People are advised to purchase covers for the most important aspects before slowly extending their covers to the other subgroups. The coverage provided at each subgroup need not be sufficient right from the start, but can be slowly stepped up to attain the appropriate coverage. Once you have all the protection you need, you are covered against any unforeseen circumstances in life. There is no worry that your financial plans can be turned upside down.

Growth

Growth refers to the increase of your wealth and the prevention of wealth erosion by inflation. Increase of wealth is of course usually thought of as having a job and a regular income. The biggest downside of this type of income is the fact that you are exchanging time for money. If you stop working, your income stops as well. Besides that, you are also limited by the amount of time available to you a day, therefore putting a cap on income. However, active income is an income source; it does nothing for the wealth you have already accumulated.

In fact, Growth is about taking care of your accumulated wealth, and not about increasing income. Inflation decreases the actual buying power of your wealth over time, and therefore decreasing your accumulated wealth. Income growth is about how to growth your wealth in line with inflation to prevent its devaluation and preferably even churns a profit. This is usually achieved by investing your money. Profits on top of inflation are also a form of passive income.

Investments are a broad group on its own and should be divided further to align them with your investment master plan.

Safety

Of the three main categories, Safety is often practiced in two extremes. Some neglect their safety fund and go around in life relying solely on their insurance or active incomes. However, insurance does not provide coverage on every aspect of your life and should not be expected to act as a safety fund. For example, insurance does not provide cover against unemployment. One should always keep a decent sum of money in flexible accounts so that it is possible to continue paying for taxes, installations and everyday living when one suffers from a loss of income.

The reverse extreme occurs when some people keep an exceeding huge sum of money for safety. They commonly believe that one’s best protection is when money is readily available in one’s pocket. While this is not entirely untrue, keeping more money than required as a safety fund causes loss of wealth due to inflation and other opportunity costs. There is no reason to keep a huge sum of money to pay off hospital bills when one has an insurance policy for hospitalisation.

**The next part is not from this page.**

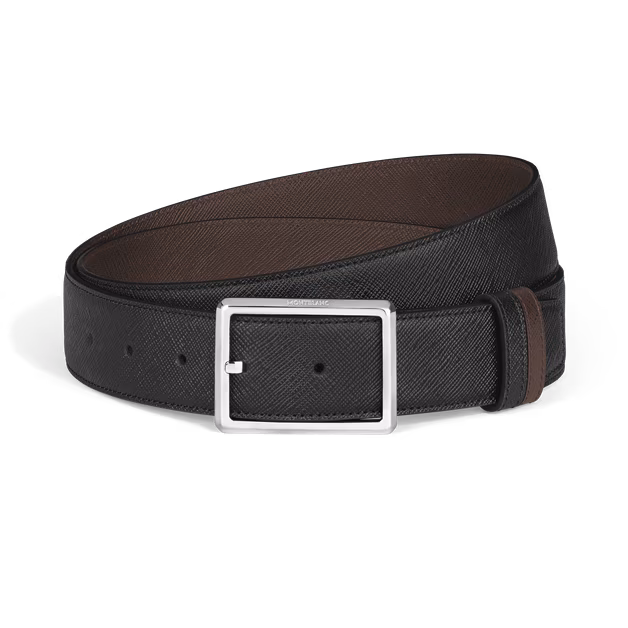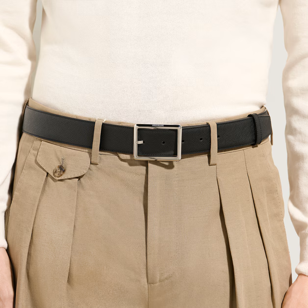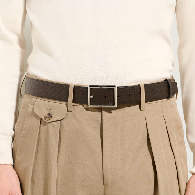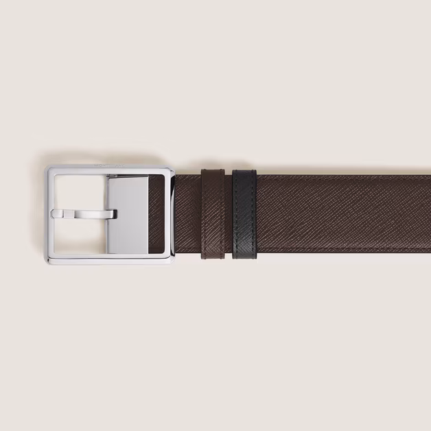 Su correa de 35 mm está elaborada en piel Sartorial repujada en ambos lados, ofreciendo dos estilos distintos en un solo accesorio: un lado en negro clásico y el otro en un sofisticado tono ébano.
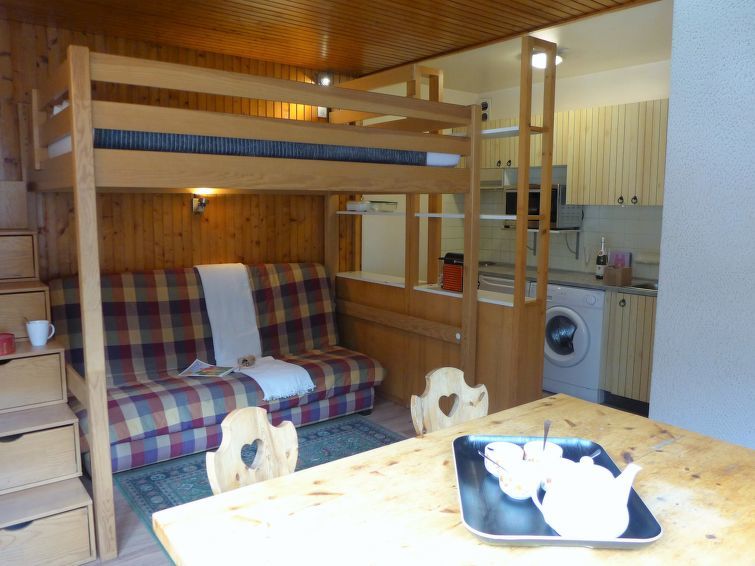 Studio 1-kamer 25 m2 op de 2e verdieping, op het zuidwesten gelegen. Rustiek ingericht: woon-/eetkamer met 1 2-pers divanbed (140 cm, lengte 190 cm), 1 2-pers bed (140 cm, lengte 190 cm), TV. Kookhoek (2-pits kookplaat, mini-oven, waterkoker, elektrische koffiemachine, pads voor de koffiemachine (Nespresso) extra). Bad/WC. Mooi uitzicht op de bergen. Ter beschikking: wasmachine. Internet (WiFi, extra). Parkeerplaats nr. 35 et cave n°21. TV alleen FR. Rookmelders. 74056003304UX

A safety fund should be decent enough to maintain your day to day living from six months to twelve months, but not more or less than either. A safety fund more than that means loss of wealth and a safety less than that places you at risk.

Once you have understood the basics of personal finance management, you should dive deeper into each category to uncover your options. Most of us will not have the resources to handle each of the categories at a go. The basics will help you to prioritise your needs and allocate your resources according to your needs. It will also give you a clear view on the aspects where you are lacking and adjust your allocation.